> [Extracted data entries]:
================
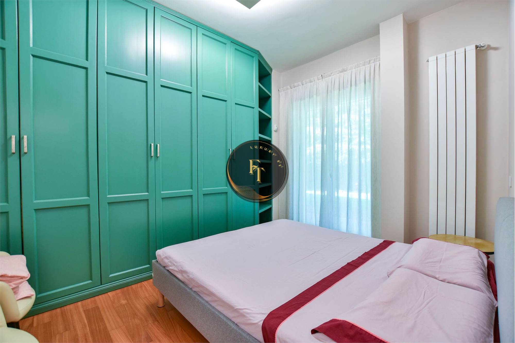 La villa, di circa 1.080 mq complessivi, si sviluppa su più livelli. Al piano terra si apre una spaziosa zona giorno composta da ampio salotto, area pranzo, cucina abitabile e bagno di servizio. Il parquet in rovere chiaro e il marmo, utilizzato per scale e superfici della cucina, creano un filo conduttore elegante e coerente. All’esterno della zona giorno si sviluppa un portico, ideale come zona relax o zona pranzo esterna.
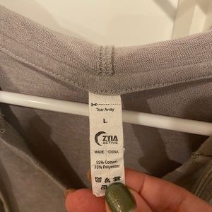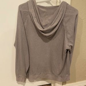 Light weight, thin summertime sweatshirt hoodie. Drawstring hood, kangaroo pocket in front, distressed details. Worn once. Grey/tan color. Hits at the hip. Loose design but not relaxed fit. Size large but can also fit medium
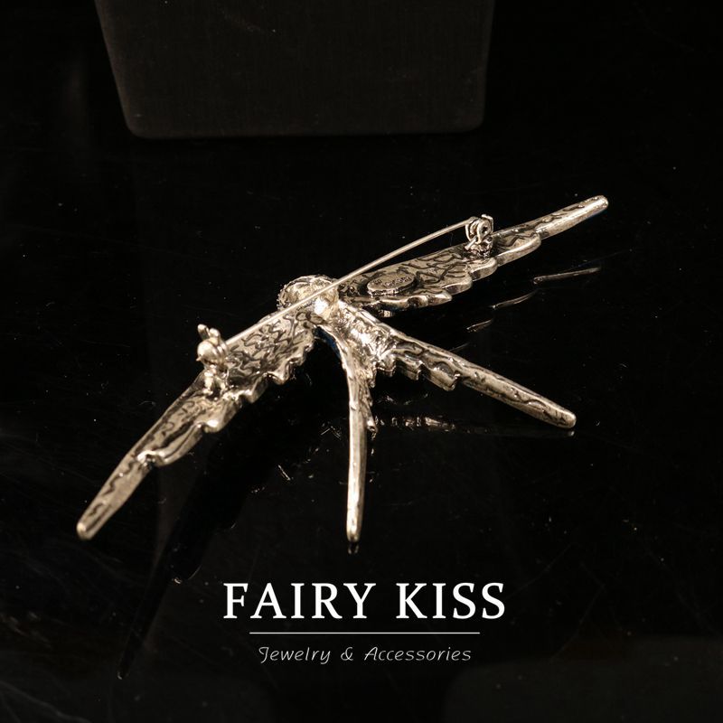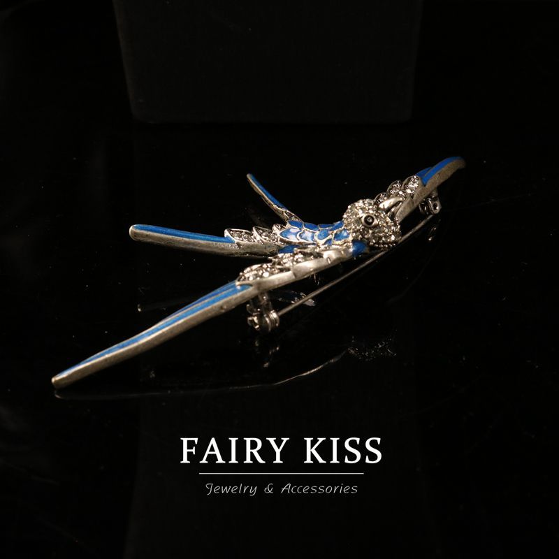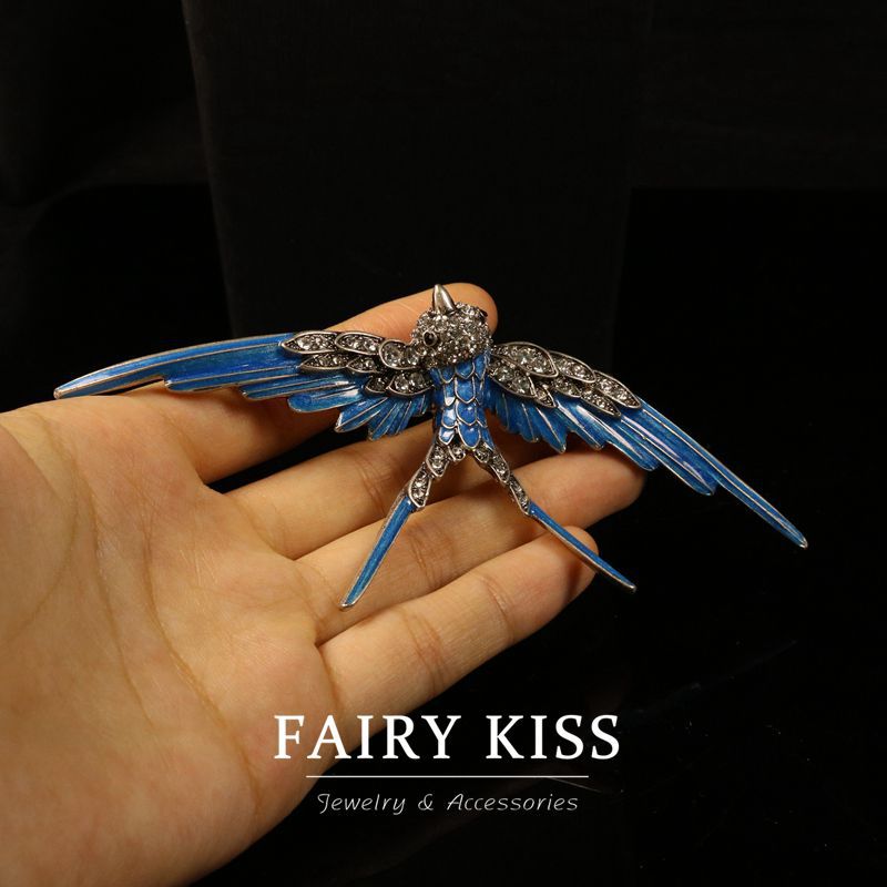 Ručně vyráběná smaltovaná modrá vlaštovka kovová brož
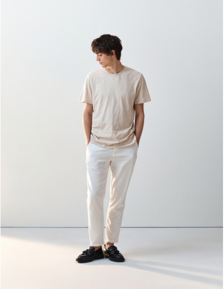Få en enkel look med denna slub-T-shirt i bomull. Den har ett karakteristiskt, texturerat utseende som gör den lätt och extremt bekväm att bära och den är gjord av 100% ekologisk bomull. Bär den med allt från träningsbyxor till denim.
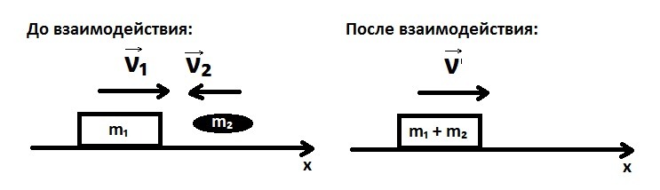 m₁v₁ + m₂v₂ = v'(m₁ + m₂)
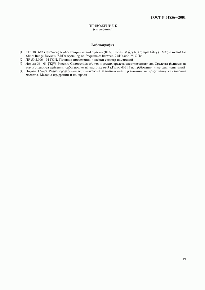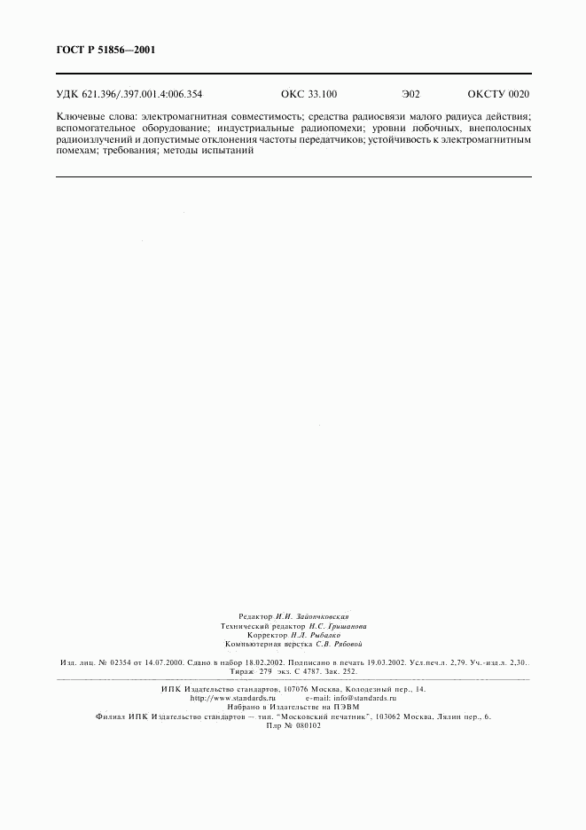 ГОСТ Р 51856-2001 Совместимость технических средств электромагнитная. Средства радиосвязи малого радиуса действия, работающие на частотах от 3 кГц до 400 ГГц. Требования и методы испытаний
================
> [Goal of the exercise]:
Leave the images out and transcribe the remaining data above word for word.

> [Output]:
 La villa, di circa 1.080 mq complessivi, si sviluppa su più livelli. Al piano terra si apre una spaziosa zona giorno composta da ampio salotto, area pranzo, cucina abitabile e bagno di servizio. Il parquet in rovere chiaro e il marmo, utilizzato per scale e superfici della cucina, creano un filo conduttore elegante e coerente. All’esterno della zona giorno si sviluppa un portico, ideale come zona relax o zona pranzo esterna.
 Light weight, thin summertime sweatshirt hoodie. Drawstring hood, kangaroo pocket in front, distressed details. Worn once. Grey/tan color. Hits at the hip. Loose design but not relaxed fit. Size large but can also fit medium
 Ručně vyráběná smaltovaná modrá vlaštovka kovová brož
Få en enkel look med denna slub-T-shirt i bomull. Den har ett karakteristiskt, texturerat utseende som gör den lätt och extremt bekväm att bära och den är gjord av 100% ekologisk bomull. Bär den med allt från träningsbyxor till denim.
 m₁v₁ + m₂v₂ = v'(m₁ + m₂)
 ГОСТ Р 51856-2001 Совместимость технических средств электромагнитная. Средства радиосвязи малого радиуса действия, работающие на частотах от 3 кГц до 400 ГГц. Требования и методы испытаний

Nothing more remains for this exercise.